Самым трудным оказалось само восхождение на гору Арагац. Последним селением перед подъемом был Бюракан. Дальше дорог не было, об автомобилях не могло быть и речи. Все лошади были мобилизованы, и надеяться можно было только на то, что бюраканские крестьяне дадут ослов. Измученных голодом и войной жителей пришлось долго уговаривать. Для них эти ослы были единственной возможностью выполнить военный план сдачи колхозом продовольствия государству и выжить самим. Только у такого человека, как А. И. Алиханьян, это могло получиться, и получилось — люди отдали для экспедиции своих животных.
Артем Исаакович сам с детства очень хорошо знал, что такое тяжелый труд и голод: в 14 лет он был официантом в полулегальном тбилисском кабачке, где курили опиум, а по вечерам продавал газеты.
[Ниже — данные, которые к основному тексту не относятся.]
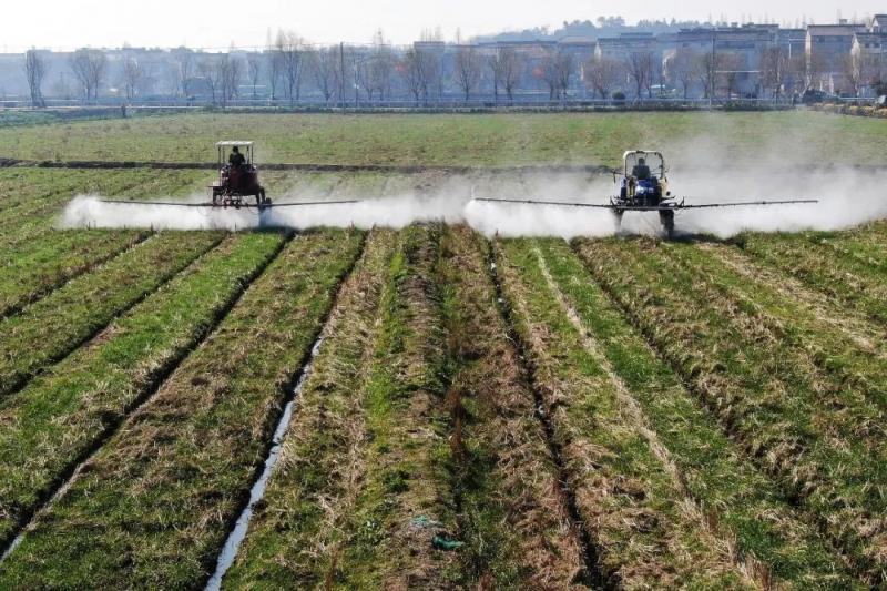 2020年2月20日,南京湖熟街道現(xiàn)代農(nóng)業(yè)示范園區(qū)內(nèi),工作人員駕駛自走式噴霧機(jī)給小麥噴灑除草劑。
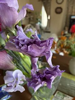 私の好きな色で、 気に入りましたが、トルコ桔梗が、2輪 押しつぶされた様な花有り、残念です。 自宅にあった、パープルのスターチスを少しプラスして 生けてみました。
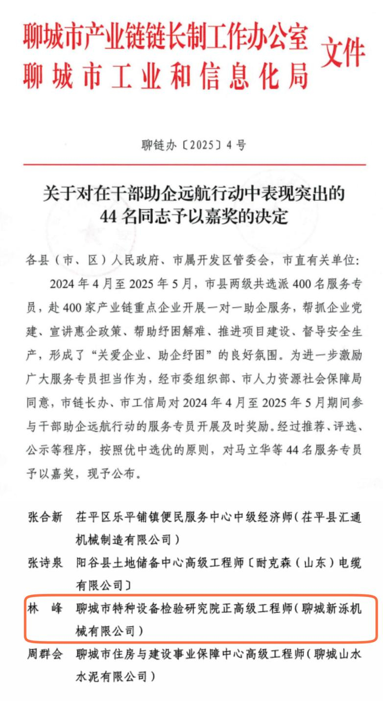 近日,聊城市特檢院林峰同志在全市干部助企遠航行動中表現突出,獲頒嘉獎榮譽。
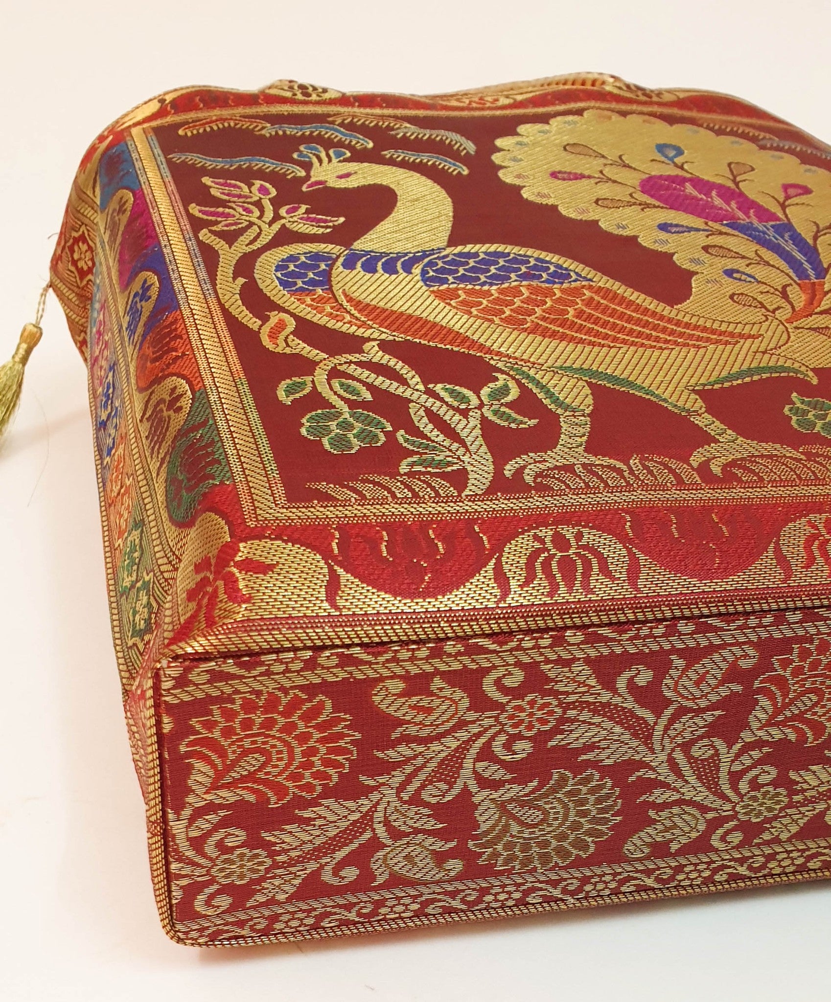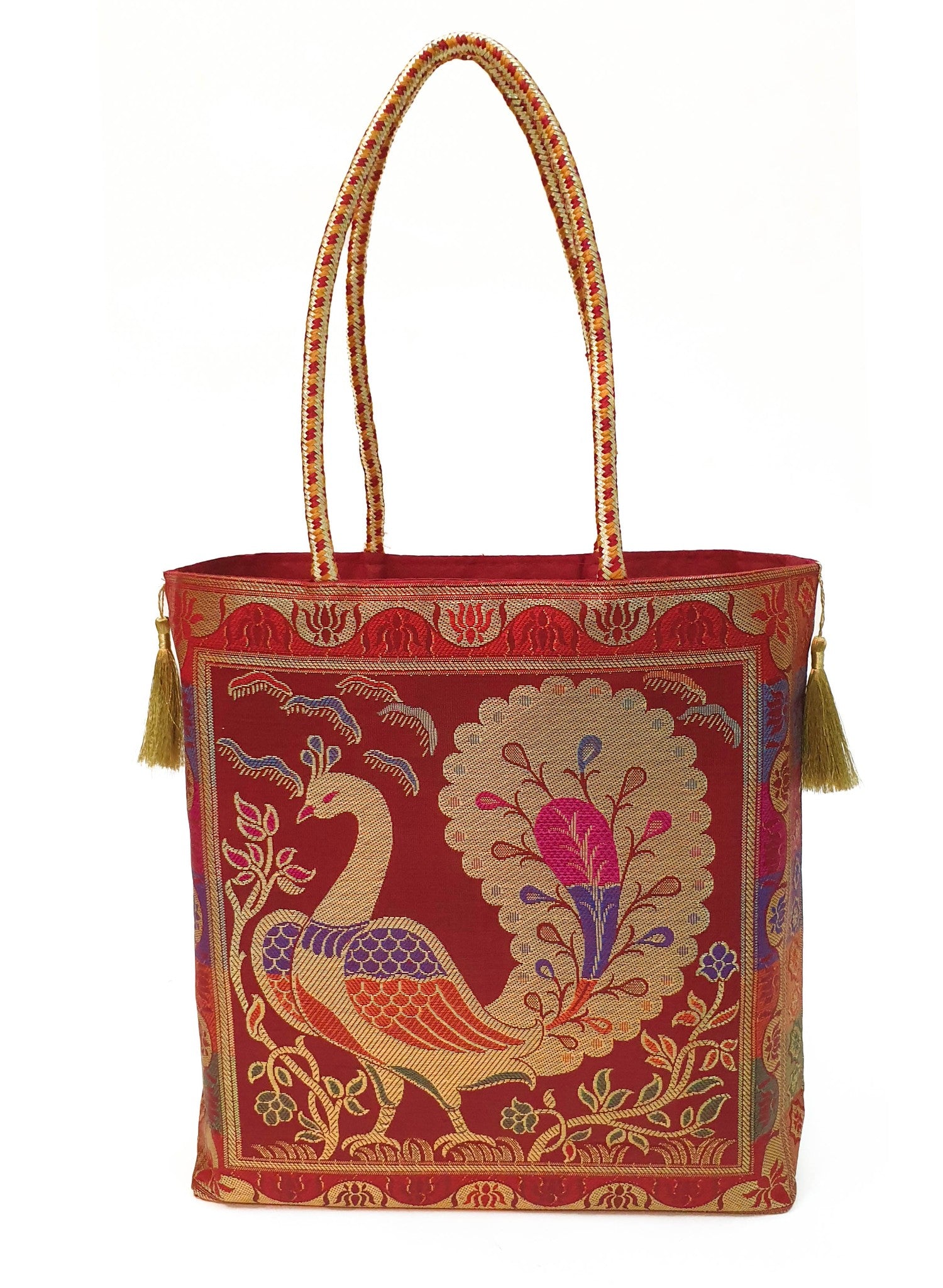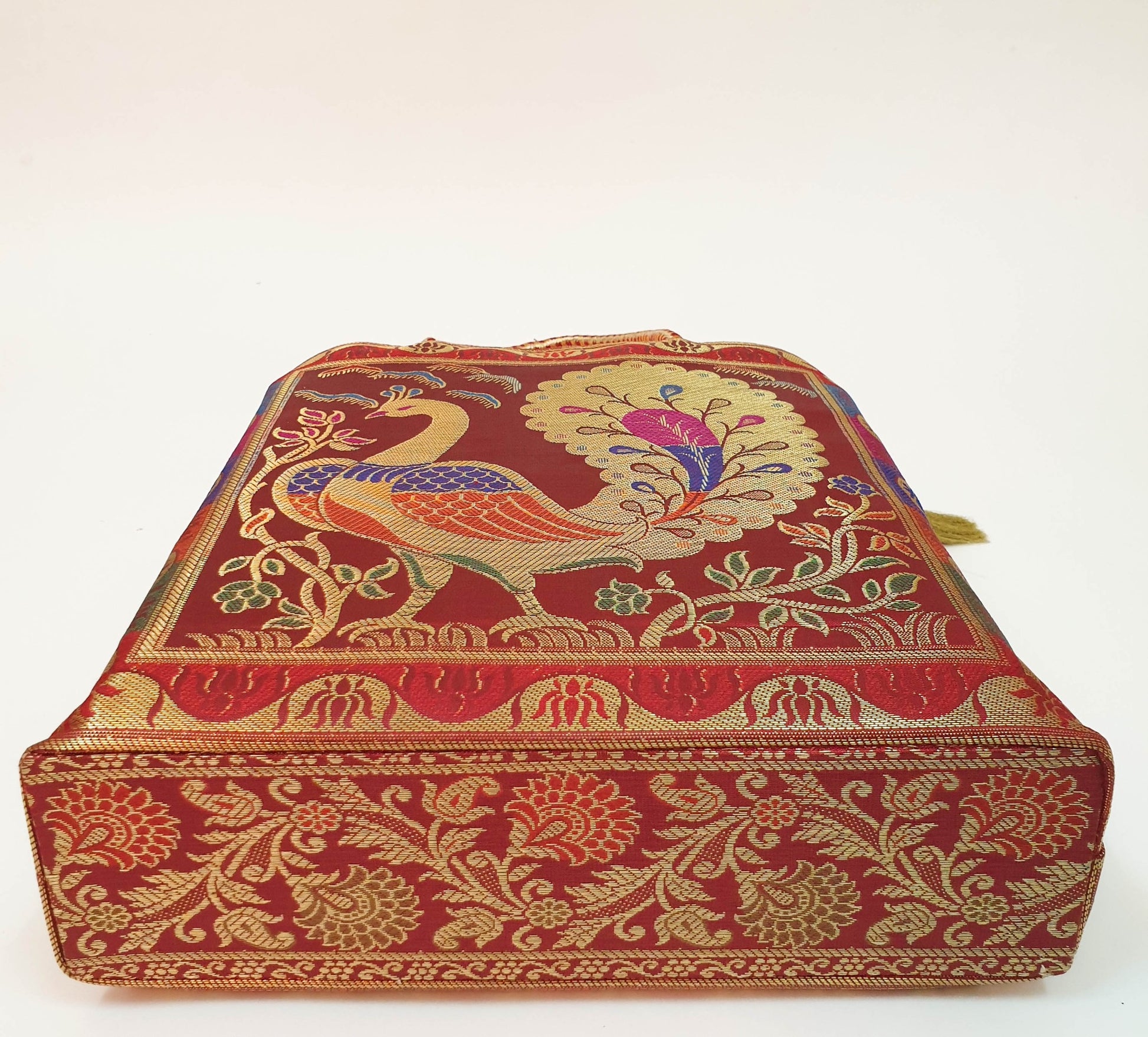 Ethnic Maroon Handbag Peacock Woven Zari Brocade Fabric Wedding Shoulder Bag

В 16 лет на улице спас от замерзания молодого врача, который потом подготовил его для поступления в Ленинградский политехнический институт. Попав в Ленинград, Артем Исаакович был настолько счастлив, что сначала подал документы сразу в три учебных заведения: мореходку, Политехнический институт и университет. Долго колебался: море или математика? Победила математика.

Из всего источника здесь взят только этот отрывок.